▶ [TASK GOAL]
Scan the records below for the line with "Stitches to Head!" and the line with "- Second X1", and retype that range exactly, both ends included, pictures excepted.

▶ [DATA TO PROCESS]

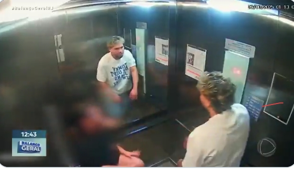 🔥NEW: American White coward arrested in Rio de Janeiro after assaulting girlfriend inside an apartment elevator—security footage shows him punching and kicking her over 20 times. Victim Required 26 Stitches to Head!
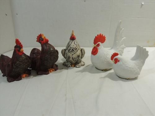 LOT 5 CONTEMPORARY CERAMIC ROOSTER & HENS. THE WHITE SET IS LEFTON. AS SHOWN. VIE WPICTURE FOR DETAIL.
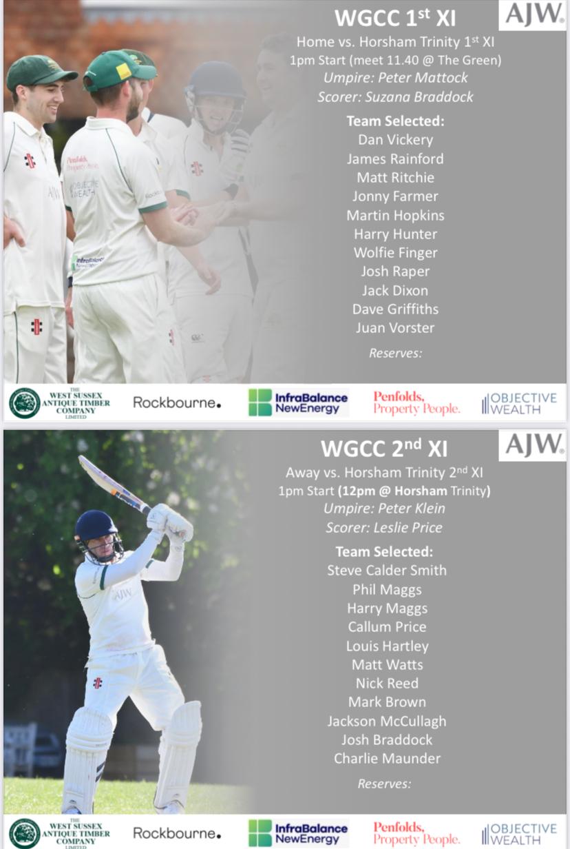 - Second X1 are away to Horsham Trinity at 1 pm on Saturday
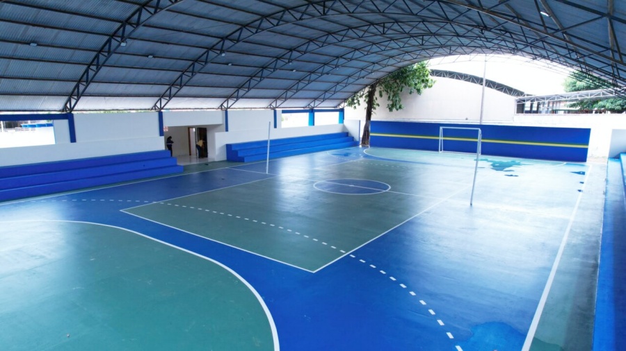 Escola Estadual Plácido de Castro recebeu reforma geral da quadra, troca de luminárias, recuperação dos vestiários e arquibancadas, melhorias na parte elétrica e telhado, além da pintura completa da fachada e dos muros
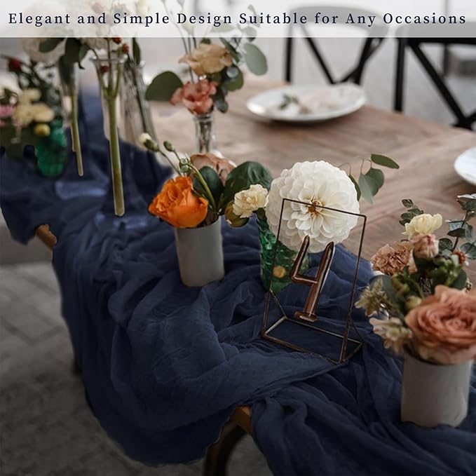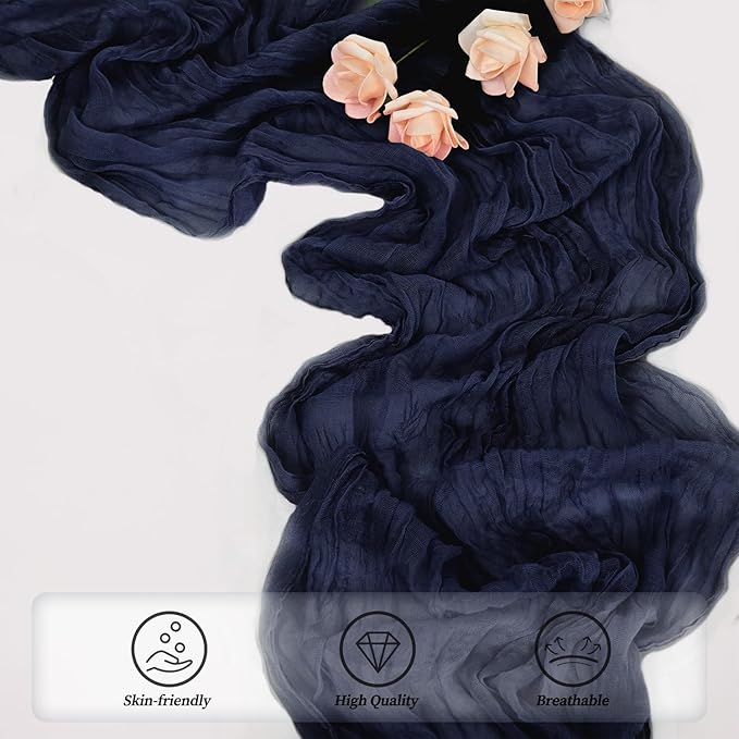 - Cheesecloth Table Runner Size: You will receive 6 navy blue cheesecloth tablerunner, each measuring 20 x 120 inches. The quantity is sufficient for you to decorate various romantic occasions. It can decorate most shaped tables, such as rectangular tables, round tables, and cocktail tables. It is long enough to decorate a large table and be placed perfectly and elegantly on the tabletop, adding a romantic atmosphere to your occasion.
...
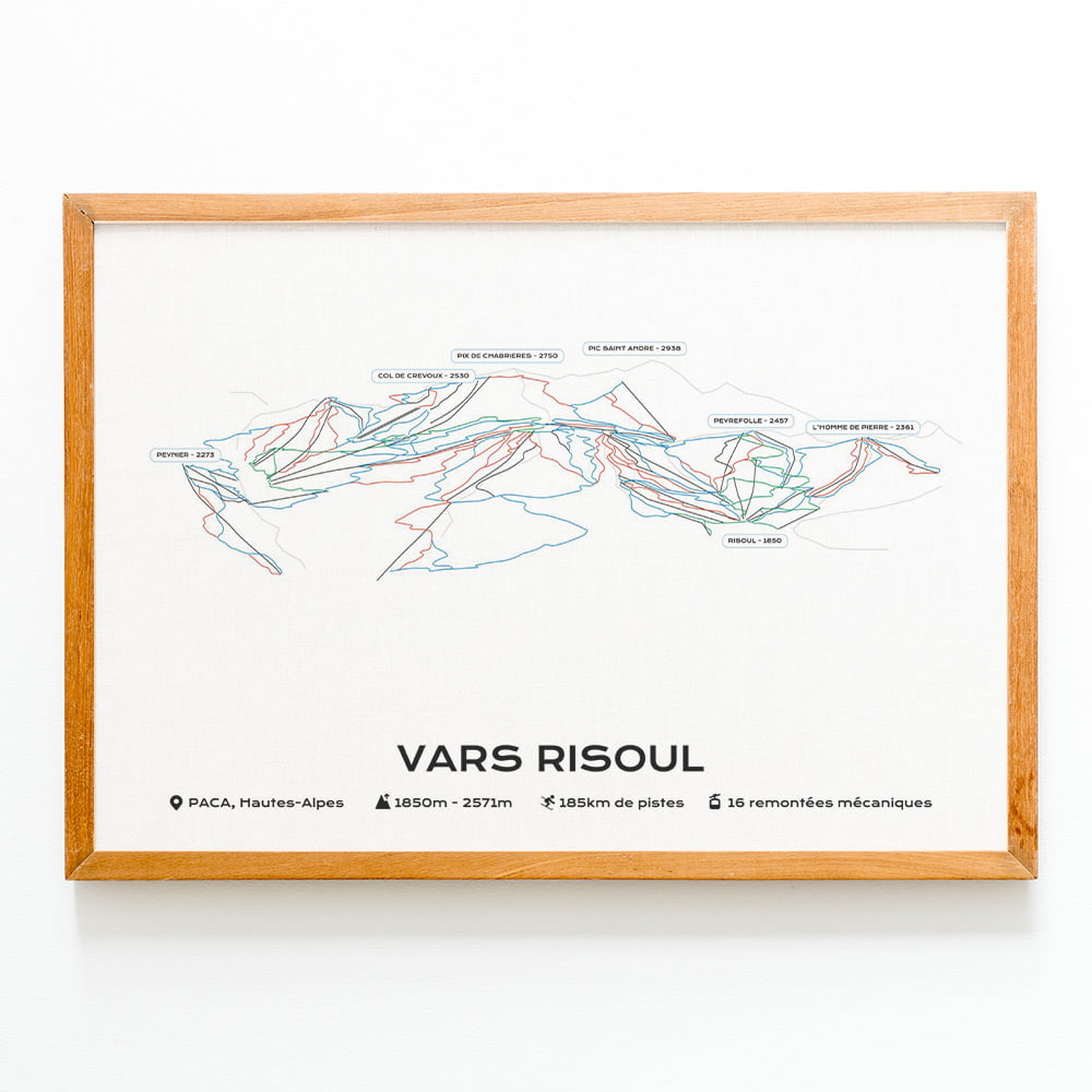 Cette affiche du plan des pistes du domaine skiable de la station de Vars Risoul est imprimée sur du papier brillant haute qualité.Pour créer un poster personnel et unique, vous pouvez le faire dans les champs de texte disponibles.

▶ [ANSWER FOR THE TASK]
 🔥NEW: American White coward arrested in Rio de Janeiro after assaulting girlfriend inside an apartment elevator—security footage shows him punching and kicking her over 20 times. Victim Required 26 Stitches to Head!
 LOT 5 CONTEMPORARY CERAMIC ROOSTER & HENS. THE WHITE SET IS LEFTON. AS SHOWN. VIE WPICTURE FOR DETAIL.
 - Second X1 are away to Horsham Trinity at 1 pm on Saturday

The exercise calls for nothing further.